Legislative leaders have agreed to the provisions as part of a $1 trillion government funding bill, and rank-and-file members are expected to approve it later this week.
 
More than 22,600 ‘orphan’ retirees whose employers closed or declared bankruptcy will lose health benefits imminently if Congress doesn’t intervene as expected.
 
“For thousands of coal miners who suffer from black lung, as my father did, this funding for health care is as important as a breath of fresh air,” said AFL-CIO President Richard Trumka.
 
Leaders of United Mine Workers of America called the long sought agreement “tremendous” news that will bring peace of mind to retired miners and their families.
 
Paul Rebar, 70, of Belle Vernon is among 2,000 retired Pennsylvania miners who will benefit.
 
“This means a lot.

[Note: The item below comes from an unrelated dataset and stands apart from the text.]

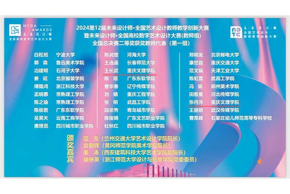 近日,未来设计师全国艺术设计教师教学创新大赛圆满落幕,taptap点点文化传播与设计学院教师团队凭借卓越的教学创意与实践成果,从众多参赛者中脱颖而出,荣获了国赛二等奖2项、三等奖1项,省赛一等奖3项、二等奖3项、三等奖2项的好成绩,充分展示了学校教师在教育创新领域的过硬实力和卓越风采。

Me and my wife don’t have to worry about health care now. I worked 40 years and all my life they told me we’re going to have health care until I die and then she’ll have it until she dies, but after all these bankruptcies and everything they pulled the rug out from under us,” said Mr. Rebar.
 
Between 1971 and 2011 he worked in four different mines. One closed after a fire. Others changed hands numerous times as companies went out of business or declared bankruptcy, but all the while Mr. Rebar kept working.
 
“Forty years of coal mining takes a toll on you. I’m 70 now and my health isn’t like it was,” said Mr. Rebar who has one artificial knee and needs another. With guaranteed health insurance, that’s an option now, he said.
 
U.S. Sen. Bob Casey, D-Pa., is among the lawmakers who pushed for the legislation.
 
“While securing permanent health benefits for our coal miners is a strong step in the right direction, I won’t stop fighting until we’ve secured a pension fix as well,” Mr. Casey said in a written statement.
 
Funding for the health benefits — $1.3 billion over 10 years — would come from customs fees collected on imports — and that’s good news for miners, too, because it leaves other funding available for pensions if lawmakers can agree to fund them through, for example, the Abandoned Mine Reclamation Fund.
 
Some Republicans worry that providing federal money for miners’ pensions will open the door to funding retirements of workers in other industries.
 
Mr. Rebar said he believes Congress will come to an agreement before long.
 
“It would have been better if they fixed the whole thing at once: health care and pensions. Easier for them and easier for us,” he said. “But I’m confident it’ll get fixed.”
 
Democrats and coal-country Republicans say miners are uniquely deserving because of an agreement in 1946, when the government seized mines and ended a strike by agreeing to provide health and pension benefits.
 
“These miners worked hard, played by the rules, and were promised these health care benefits, which – without this agreement – they would lose,” said U.S. Sen. Rob Portman, R-Ohio. “This bipartisan agreement gives them the health care benefits that they have earned, and peace of mind to their families.”
 
Announced Monday, the agreement follows a series of short-term fixes.